(Stored records)
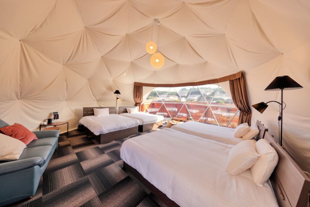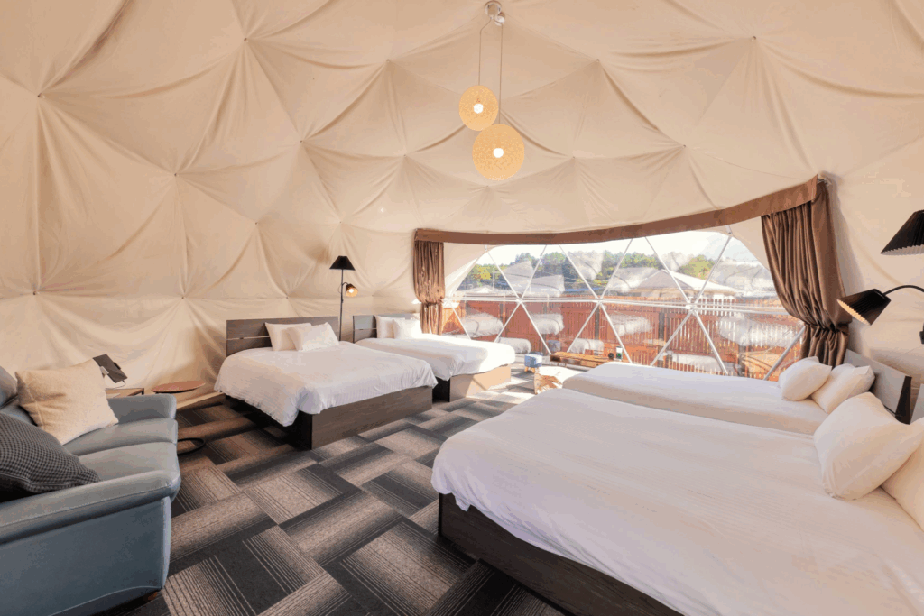 The 7-meter diameter dome tent is equipped with four double beds, a genuine leather sofa, a small table, and relaxation cushions.
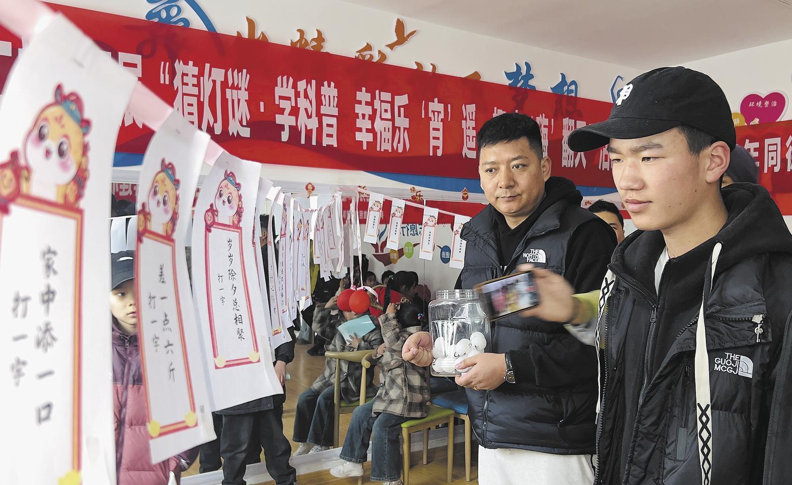 活動現(xiàn)場熱鬧非凡,猜燈謎環(huán)節(jié),小朋友舉手搶答,小小的頭腦蘊(yùn)藏著大大的智慧?;顒訉⒉聼糁i與科普知識、安全防范、生活常識等結(jié)合在一起,通過寓教于樂的方式為傳統(tǒng)節(jié)日增添一份別樣的文化韻味。
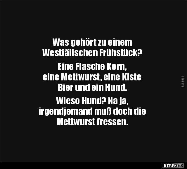 Was gehört zu einem Westfälischen Frühstück? Eine Flasche Korn, eine Mettwurst, eine Kiste Bier und ein Hund. Wieso Hund? Na ja, irgendjemand muß doch die Mettwurst fressen.
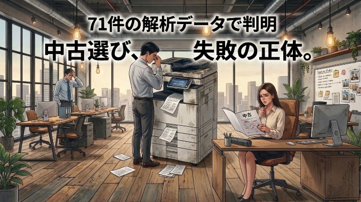 OFFICE110に寄せられた2022年以降の複合機(コピー機)の長期相談記録をAIで詳しく分析したところ、 「中古を検討したい」「中古で十分か知りたい」「故障が多くないか不安」といった相談が71件、 全体の約67%確認されました。
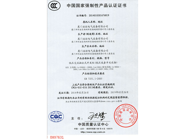 低压交流抽出式开关柜产品认证-CN
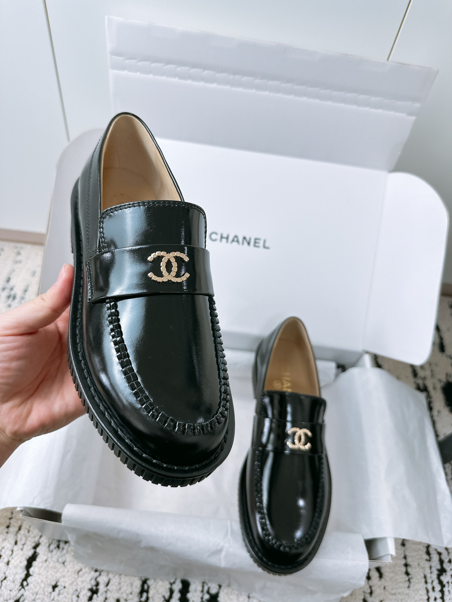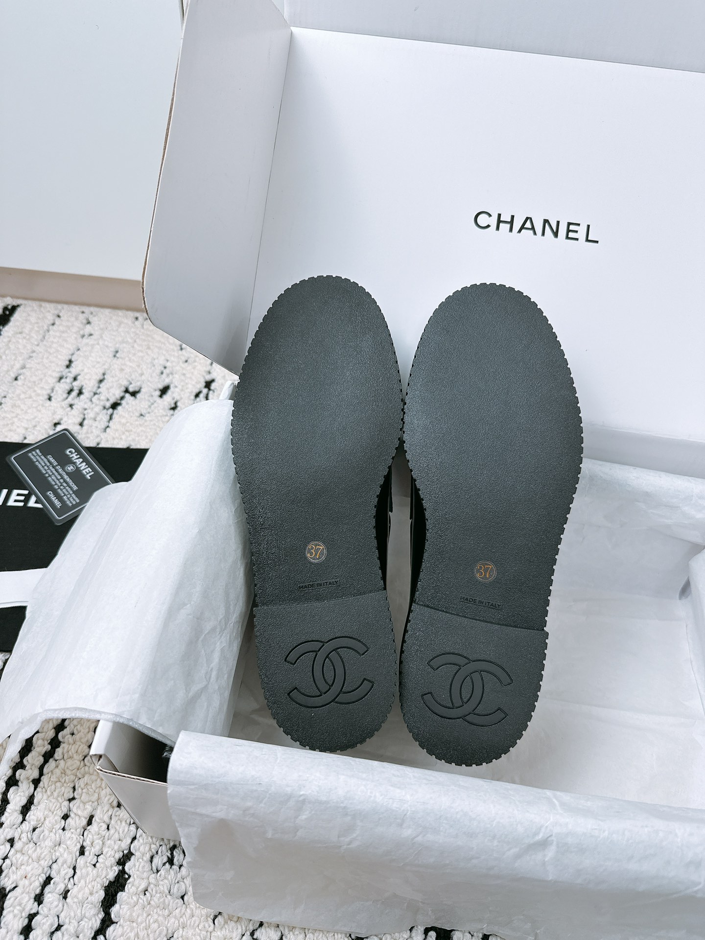This shoes is AAAAA 1:1 quality (superb). Materials used are identical to the original ones. Chanel trademark marks are indistinguishable to the authentic. Photos take by actual shoes, what you receive will be 100% same with our photos.
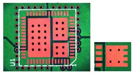 至于版圖布局,金屬較多顯然很有助益。更厚的頂層有助于降低溫度,不過(guò)也許對(duì)PCB的其余部分并不適合,因?yàn)槌杀驹黾恿?其它元件需要的更精細(xì)的間距也不可能實(shí)現(xiàn)。更大的銅面積很有用,但又會(huì)消耗PCB空間。這些應(yīng)該盡可能由焊料覆蓋,因?yàn)榻饘俦砻姹韧科岜砻娴纳嵝愿?。在多層PCB中,有時(shí)利用內(nèi)層來(lái)協(xié)助散熱。熱通孔 (填充焊料) 有時(shí)可用來(lái)把熱量擴(kuò)散到PCB的另一面去 (圖9)。

## Task
The line containing "活動現(xiàn)場熱鬧非凡" marks the end: copy exactly every line from the start of the records up to and including it, leaving out the pictures.

## Solution for this exercise
 The 7-meter diameter dome tent is equipped with four double beds, a genuine leather sofa, a small table, and relaxation cushions.
 活動現(xiàn)場熱鬧非凡,猜燈謎環(huán)節(jié),小朋友舉手搶答,小小的頭腦蘊(yùn)藏著大大的智慧?;顒訉⒉聼糁i與科普知識、安全防范、生活常識等結(jié)合在一起,通過寓教于樂的方式為傳統(tǒng)節(jié)日增添一份別樣的文化韻味。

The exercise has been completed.